I am surprised, over and over, when I go to an art-photography exhibit of work that really shows off a lot of in-the-grain craftsmanship, how seductive, heady and rich b&w photographs can be. The new giant color C-prints generally leave me cold -- why not look at 'em in a book or a magazine? But finely made b&w art shots, seen in person? They do cast a spell. Over me, at least. Not over you? Are there art photographrs who you do go for? I like some of the Russians and Eastern Europeans, Lartigue, a Harlem guy named Roy de Carava who made gorgeous shots of jazz musicians (that don't look like anything special in reproduction but are like fine cognac when seen in person), bunches of others, though many of the big big names don't interest me much...

Posted by: Michael Blowhard on February 11, 2003 12:44 AM



I'll grant you, photographs--particularly, black and white photographs--can be very sensuous objects. They eroticize vision (which obviously explains your interest in them.) But, as I point out in my post, that voluptuousness is virtually independent of the nature of the subject matter, and thus often serves as an enormous distraction from the subject matter. I mean, there are candid photos of Marlene Dietrich which give you a sense of a goofy, gawky, fun woman; but her glamour photos reduce her an iconic/erotic pair of cheekbones. Photography often--and quite frustratingly--seems to involve this bizarre impressiveness/substance trade off.
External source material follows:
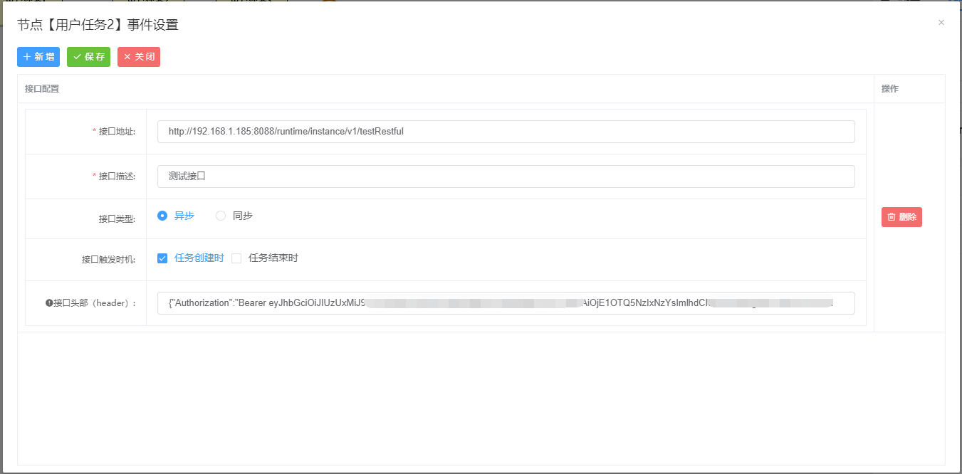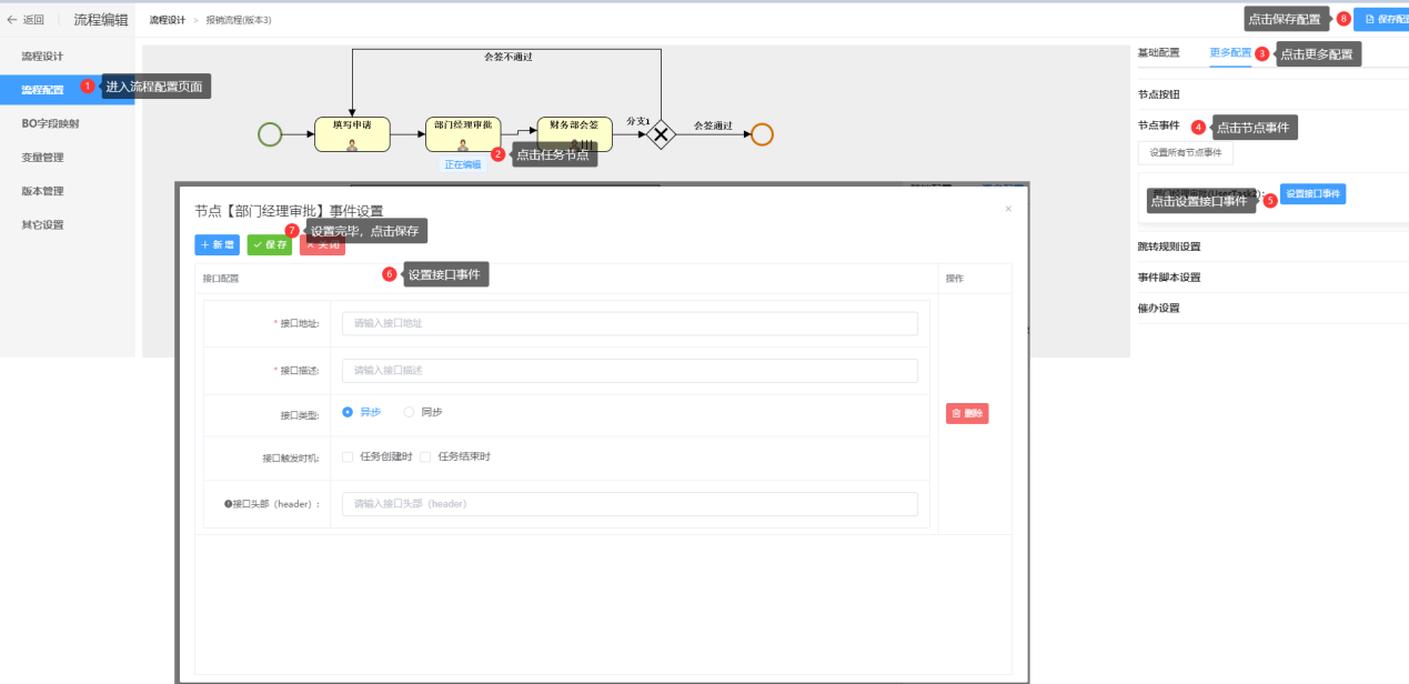 注:可点击新增添加多个接口事件,点击确定之后保存流程配置

Painting is just a lot more flexible. And that raises a whole 'nother issue: when Ansel started photographing the American West, he was sitting on top of 50+ years of Western painting--why doesn't anybody bring up the iconographic tradition he was, of necessity, reacting to? Writing on art photography seems to assume that guys like Ansel Adams were sui generis, that nobody ever looked at Yosemite or the Sierras with an aesthetic glint in their eyes prior to him--which is just silly.

Posted by: Friedrich von Blowhard on February 11, 2003 11:33 AM



my wordy sissies of semiotics...

long may yer verbslunk co-mingle.

adams helped,

thurd

Posted by: triblett lungre-thurd on February 20, 2003 12:59 AM



Hey, theres an ansel adams picture of a bare tree in the desert with heavily shadowed top branches. It looks dead. I have lost my version of this picture and dont recall the name of it. If you can find it please send me one.

Posted by: Tim on March 1, 2003 11:20 AM



Hey, theres an ansel adams picture of a bare tree in the desert with heavily shadowed top branches. It looks dead. I have lost my version of this picture and dont recall the name of it. If you can find it please send me one.